One policy change, however, can stimulate both the economy in the short-run and enhance efficiency in the long-run: repeal of the corporate income tax, which collects up to 35% of the difference between revenues and costs of incorporated businesses.

From the efficiency perspective, the corporate income tax has never been sensible policy. Economic theory holds that an efficient tax system should not tax capital income, since this distorts the incentives to save and invest. Even if the tax base includes capital income, corporate income taxation is overkill. All income earned by corporations accrues to households as dividends or capital gains, and this income is then taxed by the personal income tax system.

Proponents argue that the corporate income tax makes sense because high-income taxpayers own corporations at a disproportionate rate. This desire to redistribute income can still be achieved using the personal tax system. That approach is better targeted than taxing corporate income, since many low and moderate income households own corporations via their pensions and 401(k)s. The true burden of corporation taxation falls not just on stockholders, but on employees through lower wages and on consumers through higher prices. Thus corporate taxation hits taxpayers across the income spectrum.

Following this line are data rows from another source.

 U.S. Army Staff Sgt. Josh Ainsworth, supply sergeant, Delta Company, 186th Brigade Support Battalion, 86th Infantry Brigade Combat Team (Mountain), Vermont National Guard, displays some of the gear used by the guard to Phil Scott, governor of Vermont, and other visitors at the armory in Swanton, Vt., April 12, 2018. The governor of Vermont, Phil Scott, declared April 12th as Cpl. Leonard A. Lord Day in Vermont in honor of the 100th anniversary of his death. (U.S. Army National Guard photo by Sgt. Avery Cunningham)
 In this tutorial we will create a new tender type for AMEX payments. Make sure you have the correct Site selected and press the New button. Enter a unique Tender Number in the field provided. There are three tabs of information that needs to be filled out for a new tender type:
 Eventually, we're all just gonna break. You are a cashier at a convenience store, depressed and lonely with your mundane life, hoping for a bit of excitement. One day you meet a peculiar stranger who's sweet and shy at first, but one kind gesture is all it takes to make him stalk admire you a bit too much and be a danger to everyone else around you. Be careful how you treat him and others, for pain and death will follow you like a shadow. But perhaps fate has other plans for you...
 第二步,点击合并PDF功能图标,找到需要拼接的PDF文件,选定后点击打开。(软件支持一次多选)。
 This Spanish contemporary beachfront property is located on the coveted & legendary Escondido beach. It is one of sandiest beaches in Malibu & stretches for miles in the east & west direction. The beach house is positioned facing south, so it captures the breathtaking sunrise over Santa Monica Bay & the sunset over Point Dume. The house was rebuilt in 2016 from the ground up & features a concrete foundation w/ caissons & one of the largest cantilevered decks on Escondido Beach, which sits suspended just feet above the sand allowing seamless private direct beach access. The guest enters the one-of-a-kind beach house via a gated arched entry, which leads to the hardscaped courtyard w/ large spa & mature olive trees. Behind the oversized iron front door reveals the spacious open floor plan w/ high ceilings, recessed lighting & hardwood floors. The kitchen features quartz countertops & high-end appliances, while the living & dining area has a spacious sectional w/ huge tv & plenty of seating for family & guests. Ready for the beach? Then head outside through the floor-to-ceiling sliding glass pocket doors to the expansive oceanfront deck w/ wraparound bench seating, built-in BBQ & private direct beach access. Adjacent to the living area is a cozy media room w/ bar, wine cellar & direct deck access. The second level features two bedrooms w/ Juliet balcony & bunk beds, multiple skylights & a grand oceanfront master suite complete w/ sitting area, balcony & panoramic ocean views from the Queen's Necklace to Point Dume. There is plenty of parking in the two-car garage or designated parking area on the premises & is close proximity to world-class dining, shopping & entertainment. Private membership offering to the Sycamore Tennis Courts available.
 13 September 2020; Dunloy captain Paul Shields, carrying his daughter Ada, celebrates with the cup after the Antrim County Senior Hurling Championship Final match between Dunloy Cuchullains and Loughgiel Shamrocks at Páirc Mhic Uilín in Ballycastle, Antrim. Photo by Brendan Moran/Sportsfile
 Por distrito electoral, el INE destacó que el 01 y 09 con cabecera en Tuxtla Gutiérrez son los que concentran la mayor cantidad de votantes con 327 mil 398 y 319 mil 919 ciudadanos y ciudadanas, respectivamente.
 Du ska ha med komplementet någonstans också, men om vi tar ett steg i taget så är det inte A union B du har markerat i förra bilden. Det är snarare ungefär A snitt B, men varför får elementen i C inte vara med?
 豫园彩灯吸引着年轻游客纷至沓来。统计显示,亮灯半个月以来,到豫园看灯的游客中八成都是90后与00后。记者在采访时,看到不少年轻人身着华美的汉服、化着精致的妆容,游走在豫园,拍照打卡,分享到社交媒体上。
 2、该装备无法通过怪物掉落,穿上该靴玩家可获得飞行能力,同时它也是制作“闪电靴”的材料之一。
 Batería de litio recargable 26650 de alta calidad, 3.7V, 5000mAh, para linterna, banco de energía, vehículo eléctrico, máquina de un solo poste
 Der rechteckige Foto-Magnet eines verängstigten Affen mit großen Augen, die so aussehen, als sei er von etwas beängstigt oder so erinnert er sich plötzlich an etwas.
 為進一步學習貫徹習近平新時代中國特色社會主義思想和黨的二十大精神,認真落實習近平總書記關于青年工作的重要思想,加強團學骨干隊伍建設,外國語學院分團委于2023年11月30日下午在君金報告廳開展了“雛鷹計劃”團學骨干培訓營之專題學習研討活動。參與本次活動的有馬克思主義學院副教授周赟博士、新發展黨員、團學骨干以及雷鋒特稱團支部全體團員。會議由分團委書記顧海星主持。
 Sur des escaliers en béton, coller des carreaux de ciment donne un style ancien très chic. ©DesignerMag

Corporate income taxation has other negatives. It requires a complicated set of rules and regulations, over and above the personal income tax system, generating compliance costs. Special interests ensure that corporate tax systems favor specific industries or activities, further distorting private investment decisions. Along those lines, corporation taxation reduces financial transparency, making it harder for investors to monitor corporate behavior.

So repeal of the corporate income tax is good policy independent of the state of the economy and would provide short-run stimulus.

Repeal means higher stock prices and improved cash flow. Corporations would respond to this change by investing in plant and equipment, and by hiring additional workers. These investments would be more productive than the ones funded by stimulus projects, since corporations respond to market forces, not to political influence. Since corporations could more easily invest out of retained earnings, repeal would also circumvent many banks’ reluctance to lend.

The budgetary impact of a corporate income tax repeal—roughly $300-350 billion per year—might seem daunting, but this amount falls well short of the Obama fiscal package. The long-run impact will be less than what is implied by current revenues, since repeal will expand economic activity and therefore increase other kinds of tax revenue.

The stimulus impact of a corporate income tax repeal is likely to be substantial. Recent estimates by Christina Romer, the head of Obama’s Council of Economic Advisers, suggest that tax cuts have a multiplier of three, meaning that repeal would increase GDP by roughly $1 trillion. By comparison, the administration’s assumption that the government spending multiplier is about 1.5 suggests that the $500 billion in the Obama stimulus package would increase GDP by about $750 billion.

Elimination of the corporate income tax is a no-brainer. It benefits the economy in both the short-run and the long-run, with modest implications on the government budget.

The broader lesson here is that policymakers should attempt to improve the economy by eliminating currently existing bad policies, not just by adding new layers of government. By focusing equally on efficiency and stimulus, policymakers can set the stage for a sustained and healthy recovery.

Jeffrey A. Miron is a senior lecturer in economics at Harvard University.